Ertuğrul! Oşima ünye felsefesinde yaşıyor !

Türk- Japon dostluğunun mimarları, Sultan II Abdulhamid Han, Japonya imparatoru Meiji, Ertuğrul Fırkateyni  Gazi ve Şehitleri, geride bıraktıkları aileleri, bir insanlık şahikası yaratan Japon Halkı, Oşima-Koşina Muhtarı Saito, anıtlarıyla Şehitlerimizi Oşima ve Ünye’de kucaklayan Japon ve Ünye Halkı, Japonya Büyükelçisi Ekselansları YokataYokoi, Türk- Japon dostluğu, Ertuğrul Şehitleri hatırası için saygı ve şükranlarımızı sunarız.

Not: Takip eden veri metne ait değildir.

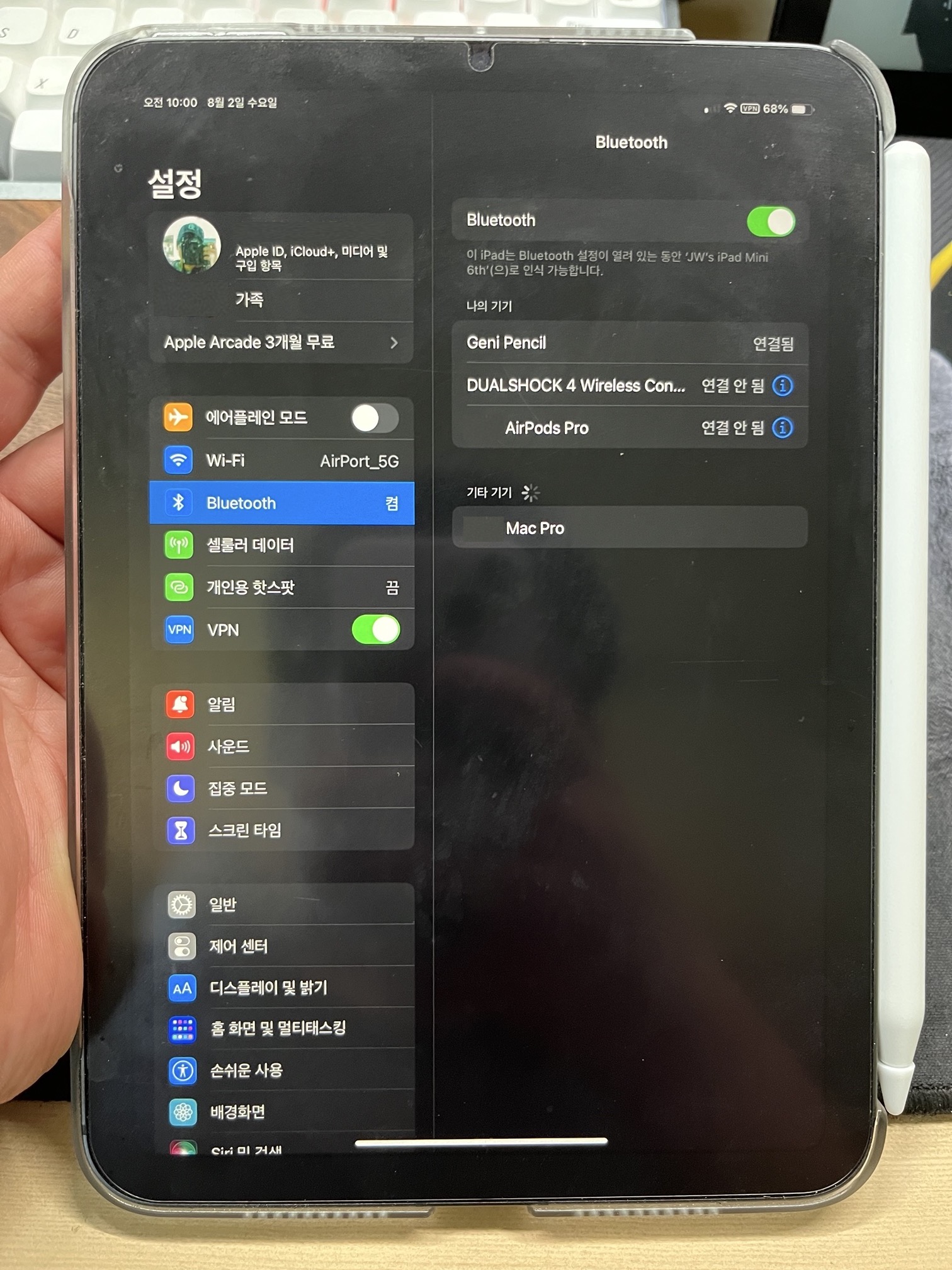 연결은 아이패드의 블루투스 항목에 가면 기타 기기에 Geni Pencil 이라고 나옵니다. 블루투스로 바로 연결이 가능합니다.
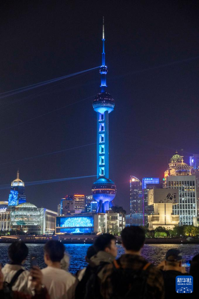 4月17日,人们在上海外滩拍摄对岸陆家嘴庆祝浦东开发开放35周年光影秀。新华社记者 王翔 摄
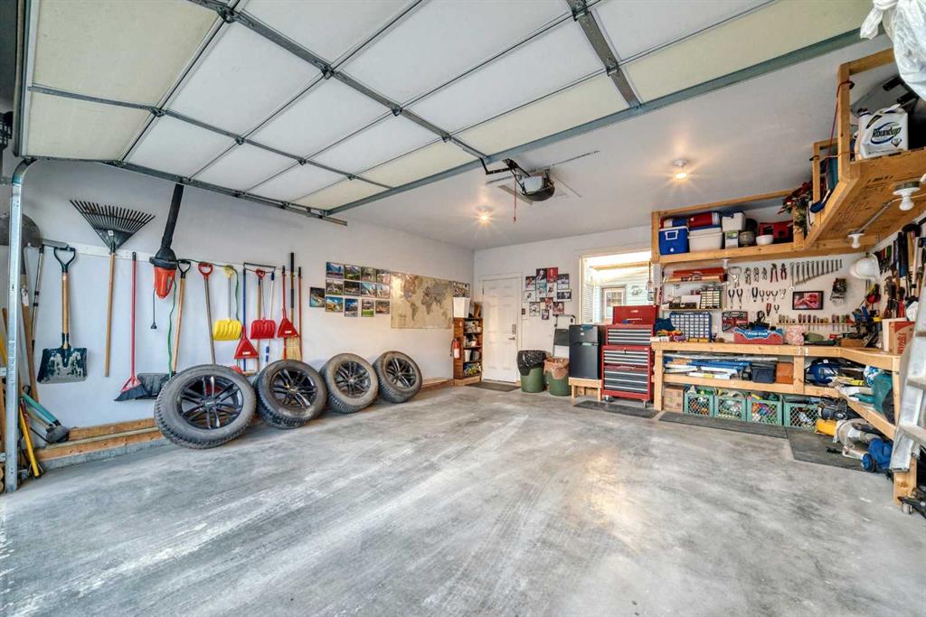Step outside to the low-maintenance, south-facing backyard—your private oasis complete with a large deck, ideal for relaxing or hosting summer barbecues. The double detached garage is insulated, drywalled, and equipped with storage shelving and workbench space, providing excellent functionality. Additional features include a water softener, gas line BBQ hook-up, Vacu-flo system, abundant storage, room-darkening window coverings upstairs, and central air conditioning for year-round comfort.
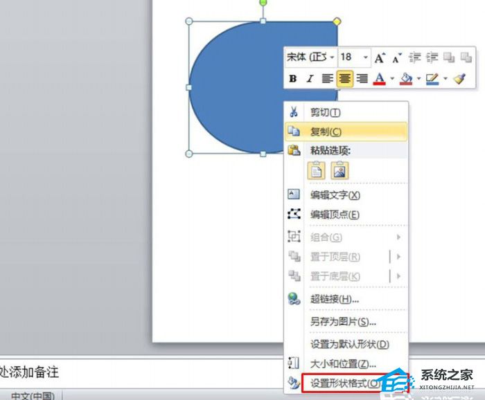 4、点击鼠标左键选中图形,然后点击鼠标右键,在右键的选项中选择设置形状格式。
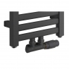 Grzejnik łazienkowy o nowoczesnym kształcie zbudowany z pionowych profili o kwadratowym przekroju i płaskich prostokątnych listew poziomych. Doskonale wkomponuje się we wnętrza współczesnych łazienek. Wersja w kolorze grafitowym o wymiarach 100x30cm i mocy 302W z podłączeniem dolnym środkowym.
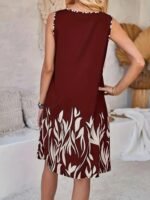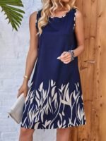 Kadın Askılı Yuvarlak Yakalı Yaprak Desenli Dalgıç Elbise
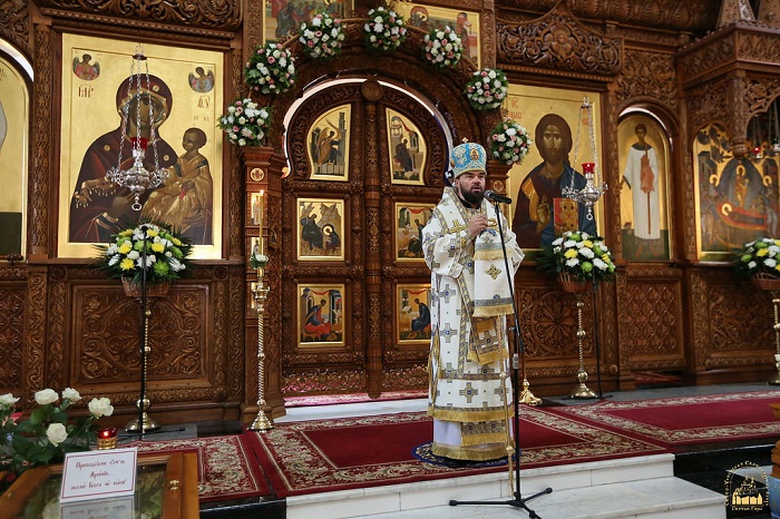 Проповедь произнес митрополит Горловский и Славянский Митрофан. Поздравив всех с праздником, владыка сказал о грядущем торжестве празднования 25-летия открытия Святогорской обители, вспомнил о годах возрождения обители, а также о главной святыне. «Она здесь Игуменья, Она здесь Хозяйка, и всякий, кто приходил сюда и хотел остаться, он молился Матери Божией, прося у Неё благословение…» — как тогда, так и сейчас все, кто приходит помолиться в обитель, идут к этому чудотворному образу. «…И то чудо, которое мы видим, что полуразрушенная обитель в некогда безбожном Донбассе стала духовным центром, стала одной из лавр нашей Церкви Православной… — это свидетельство того, что Матерь Божия здесь».
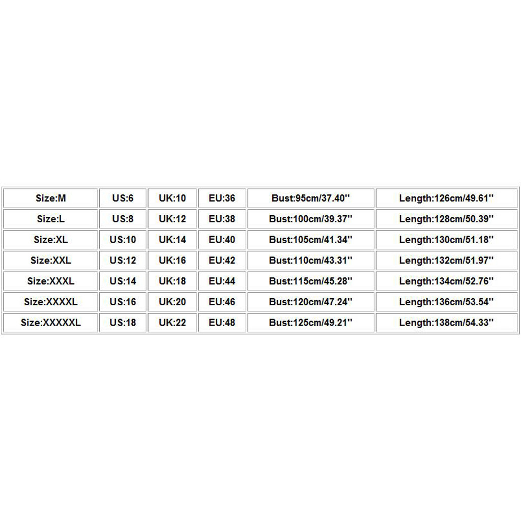| XXXXXL | 18 | 22 | 48 | 125cm/49.21'' | 138cm/54.33'' |

Ertuğrul, Sultan Abdulhamid II’nin Japon imparatoru Meiji’ye iade-i ziyareti için 14.Temmuz.1889 tarihinde Japonya’ya gitmek için 620 personeli ile İstanbul’dan yola çıkmıştır. Onbir ayda Japonya’ya varmıştır. Dönüş yolunda tayfuna yakalanarak Oşima-Koşino’da batmıştır. 550 askerimizin şehit olduğu dünyanın en büyük deniz kazasıdır. Altmışdokuz askerimiz ise  yaralı olarak kurtulmuştur.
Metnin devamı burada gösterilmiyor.